Epic president Mike Capps has called for the current crop of console manufacturers to abandon their 'protectionist' approach to monetising the games on their systems, and recognise that as consumer attitudes and spending changes, so too must business models on next-gen consoles become more flexible.

'I think another thing that’s changed is the way people are willing to spend their money. Consoles need to adapt to this. Game revenue has moved to the service model and the microtransactions model. Consoles need to start being comfortable with that.
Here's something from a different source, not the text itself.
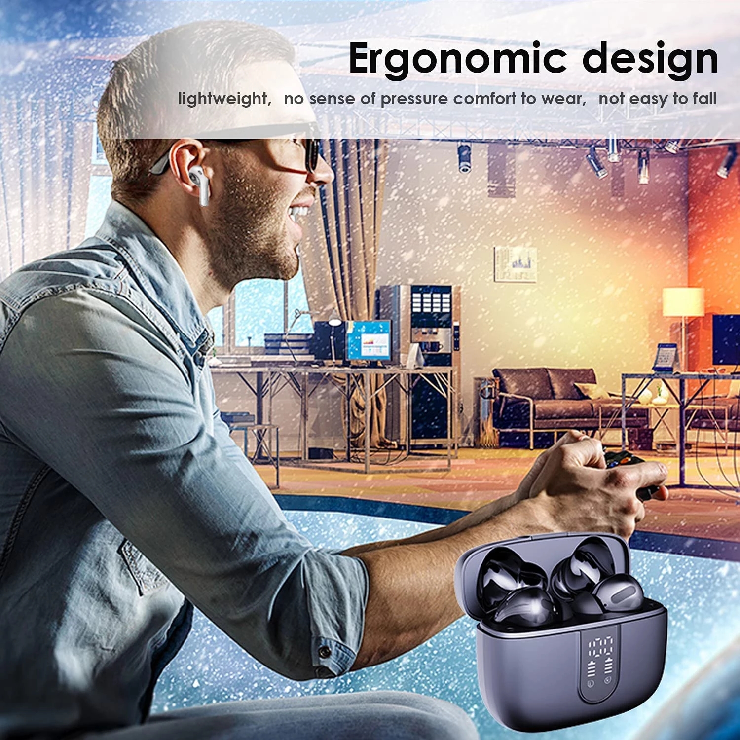 【2022 NEW】COTIN X08 Bluetooth Headphones True Wireless Earbuds 60H Playback LED Power Display Earphones with Wireless Charging Case IPX5 Waterproof in-Ear Earbuds with Mic for TV Smart Phone Computer

They need to be able to do something where small virtual items can be sold and bought for 20¢ without a long certification process and a price approval process.'

'I just don’t think this protectionist approach is going to be successful in a world where the price of virtual items changes on a day-today basis.'

Capps pointed towards PCs, providing an open platform that has allowed developers and publishers freedom in terms of pricing, suggesting that console gaming will leak a steady stream of support if manufacturers persist with rigidly conservative business models.

'Double-A games will never come back unless we get rid of this notion of a game being $60 or not released. The console manufacturers need to let this happen. The best way of driving developers to PC is telling them they have no freedom in what prices they can set for virtual items. It would be great to have the level of freedom that, say, Steam gives you.' [Develop]

Add a comment2 comments
gunnx  Oct. 27, 2011 at 16:18

It doesnt feel like the PC market is where all the money is and what happened to the advantage of a console, in that its a steady platform that is the same for everyone. Games are pricey but then the cost of developing games is huge. Though to be honest I'd prefer if they just concentrated on making good games and not worry about how much to charge for trivial non-essential DLC.
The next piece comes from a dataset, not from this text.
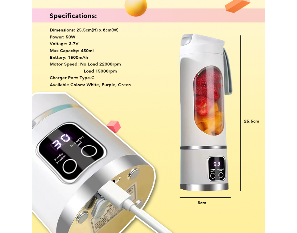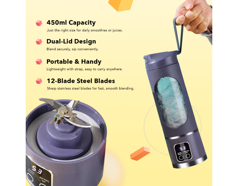 This 450ml portable blender is your perfect daily companion—featuring a powerful 22,000rpm motor, and a 1500mAh rechargeable battery. With a digital display and convenient Type-C charging, you can blend smoothies, juices, or shakes anytime, anywhere—no cords needed!

Lemming  Oct. 27, 2011 at 16:33

I'd say this focus on DLC and "micro-transactions" is what is doing the most harm. Many recent releases are prime examples of this where it feels that content was cut from the game just to make more money from DLC or exclusive editions/passes. Arkham Asylum especially was ridiculous for including different DLC content with so many versions.

I'd much rather see developers spending time to develop a full story from start to finish with all the content in it and release extra extra modes / maps as DLC. Fallout is a perfect example for well managed DLC where it adds to the game without being a major missing part of the plot if you don't have it.